Menurut dia, selama ini pemerintah sudah memiliki aturan untuk pengecualian PPN sebagaimana termaktub dalam Peraturan Pemerintah Nomor 49 Tahun 2022 tentang PPN Dibebaskan dan PPN atau PPN dan Pajak Penjualan atas Barang Mewah Tidak Dipungut atas Impor dan/atau Penyerahan Barang Kena Pajak Tertentu dan/atau Penyerahan Jasa Kena Pajak Tertentu dan/atau Pemanfaatan Jasa Kena Pajak Tertentu dari Luar Daerah Pabean.
"Ya, pasti kalau perlu mengubah PP ya kita revisikan gitu aja. Kan ada ada PP 49, yang pengecualian PPN. Barangkali kalau sampai ke sana nanti kita koordinasi. Namun kan kemarin yang ditugaskan di Kemenkeu. Menkeu kan ditugaskan untuk menyusun itu," ujar Susi saat ditemui di Jakarta, Senin (9/12/2024).
Sekadar catatan, beberapa barang kena pajak atau jasa kena pajak yang dibebaskan dari PPN antara lain, kebutuhan pokok, jasa keuangan dan asuransi dan sebagainya.
Ahli Pajak: Pemerintah Seharusnya Ubah UU
Pengamat pajak dari Center for Indonesia Taxation Analysis (CITA) Fajry Akbar mengatakan, secara hukum, UU HPP harus direvisi bila skema PPN di Indonesia berubah menjadi multitarif.

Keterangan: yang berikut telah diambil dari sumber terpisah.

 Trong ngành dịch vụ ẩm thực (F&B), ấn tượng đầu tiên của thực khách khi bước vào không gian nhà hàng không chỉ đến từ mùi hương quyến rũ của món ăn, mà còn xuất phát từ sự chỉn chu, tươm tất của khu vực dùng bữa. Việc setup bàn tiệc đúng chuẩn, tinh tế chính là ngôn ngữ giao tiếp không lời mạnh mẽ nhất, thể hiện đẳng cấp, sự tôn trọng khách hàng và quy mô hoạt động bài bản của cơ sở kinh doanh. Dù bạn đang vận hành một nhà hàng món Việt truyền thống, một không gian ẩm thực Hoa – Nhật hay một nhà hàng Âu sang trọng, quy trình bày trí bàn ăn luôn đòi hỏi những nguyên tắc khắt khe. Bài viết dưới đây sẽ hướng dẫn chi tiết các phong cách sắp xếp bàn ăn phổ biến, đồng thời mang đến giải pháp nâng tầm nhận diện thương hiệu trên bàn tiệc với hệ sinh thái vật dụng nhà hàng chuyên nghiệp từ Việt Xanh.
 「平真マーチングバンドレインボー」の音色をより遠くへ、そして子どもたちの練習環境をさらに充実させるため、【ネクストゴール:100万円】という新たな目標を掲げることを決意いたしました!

"Kalaupun pemerintah ingin menaikan [PPN] pada objek tertentu, seperti yang kena Pajak Penjualan atas Barang Mewah [PPnBM] saja, maka perlu mengubah UU dan itu akan menghabiskan waktu mengubah menjadi multi tarif. Padahal, kenaikan tarif PPN kurang dari sebulan lagi," ujar Fajry kepada Bloomberg Technoz, dikutip Senin (9/12/2024).
Hal yang sama juga diungkapkan Direktur Eksekutif Pratama-Kreston Tax Research Institute (TRI) Prianto Budi Saptono, yang menilai Pasal 7 Ayat 1 Huruf B UU HPP harus diubah. Sebab, pasal tersebut mengatur bahwa tarif PPN di Indonesia merupakan satu tarif yakni 12% mulai 1 Januari 2025.

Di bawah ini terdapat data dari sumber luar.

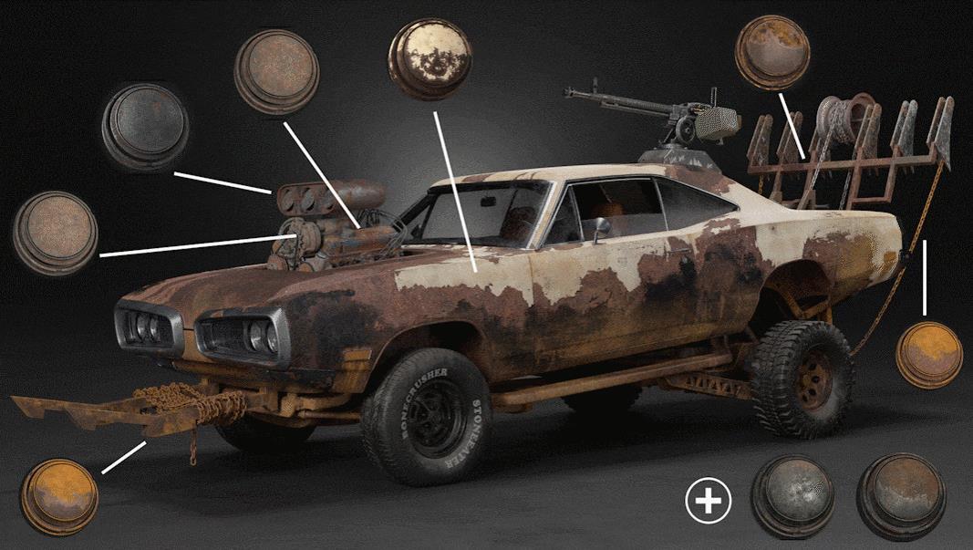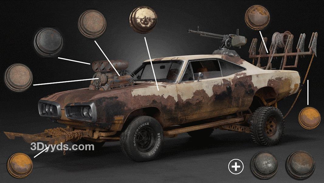 sp材质122破旧汽车金属锈迹掉漆材质&氧化废旧钢铁材质球

Untuk mengubah tarif tunggal menjadi multitarif, kata Prianto, cara yang paling cepat untuk melakukan revisi Pasal 7 UU HPP adalah dengan menerbitkan Peraturan Pemerintah Pengganti Undang-undang (Perppu) karena alasan kegentingan memaksa. Namun, cara demikian akan rentan diuji materi ke Mahkamah Konstitusi.
Prianto mengatakan cara normal untuk merevisi ketentuan tarif pada UU HPP, sesuai pernyataan Dewan Perwakilan Rakyat, adalah dengan kembali mengajukan Rancangan Undang-undang (RUU) pajak.

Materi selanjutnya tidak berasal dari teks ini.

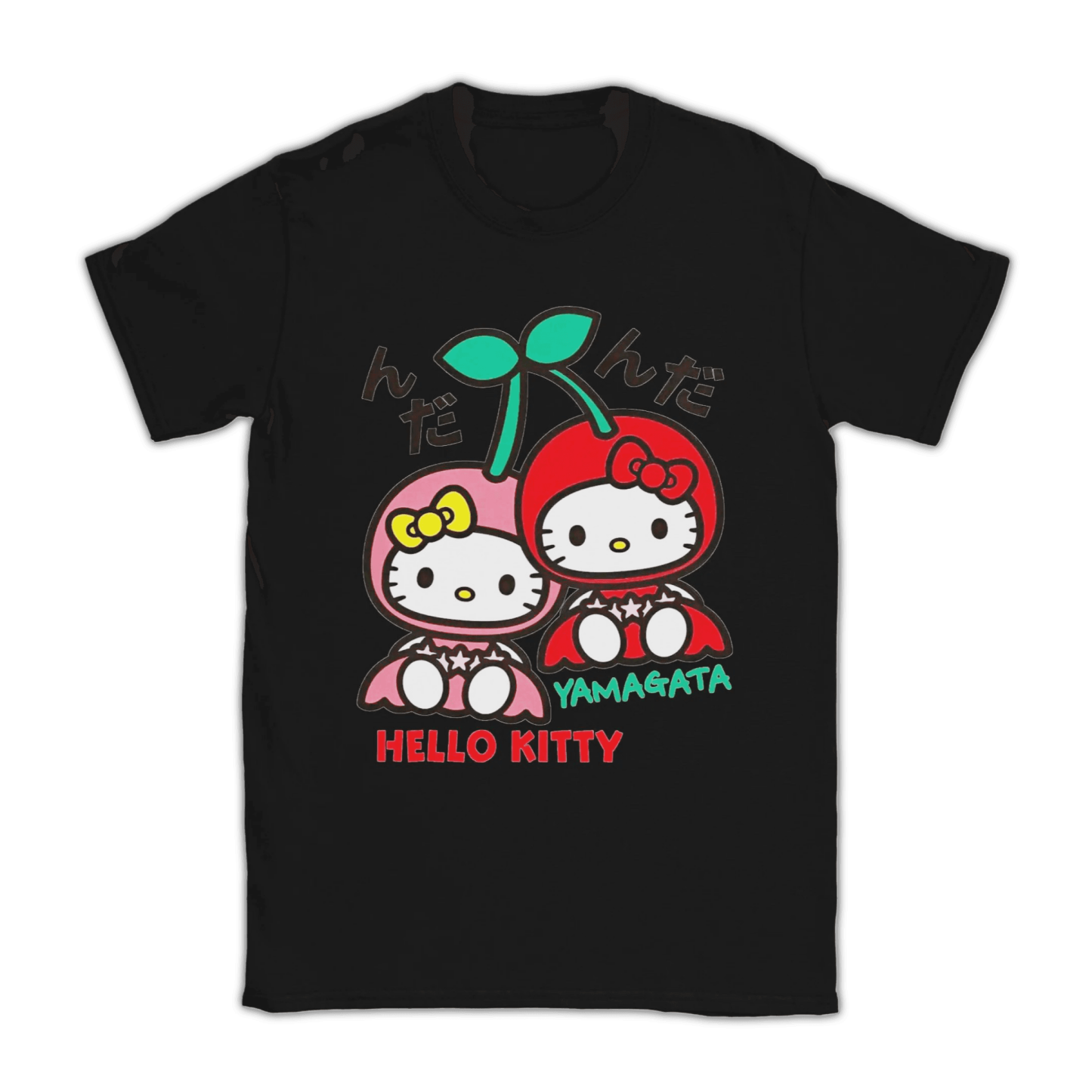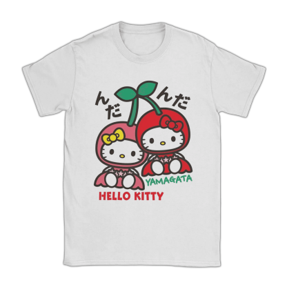 Featuring Hello Kitty with adorable cherries, this tee bursts with fruity charm and playful Sanrio style — a must-have for kawaii lovers and fans of cute character fashion.

"[Namun] cara ini akan membutuhkan waktu lebih lama dari penerbitan Perppu. Acuannya adalah UU No. 12/2011 tentang Pembentukan Peraturan Perundang-undangan," ujar Prianto.
Padahal, sesuai Pasal 7 UU HPP, pemerintah juga dapat mengajukan Rancangan Peraturan Pemerintah untuk dibahas bersama dengan RUU APBN Perubahan 2025. Cara demikian diatur pada Pasal 7 Ayat 3 dan 4 UU HPP.
Ekonom Center of Economic and Law Studies (Celios) Bhima Yudhistira menilai, jika ingin menggunakan skema penerapan PPN menjadi multitarif, maka pemerintah harus merevisi UU HPP, khususnya pada Pasal 4.
"Karena ada dua tarif yang dikenakan pada PPN, yakni 11% dan 12%, maka perlu ada revisi UU HPP Pasal 4 khususnya Pasal 4A. Karena masalah single tarif PPN, barang yang kena PPN 12% atau tarif khusus harus disebutkan jelas di UU HPP pasal tersebut," papar Bhima kepada Bloomberg Techniz, Minggu (8/12/2024).
Bhima menegaskan sistem perpajakan di Indonesia tidak menerapkan skema multitarif pada pengenaan PPN. Makan itu, pemerintah harus mengubah pasal 4A tersebut dalam UU HPP untuk menjelaskan klausul multitarif yang akan diberlakukan.
"Pasal lain dalam UU HPP harus berubah, karena di UU HPP tidak mengenal multi tarif PPN. Jadi harus ada payung UU-nya," tutur Bhima.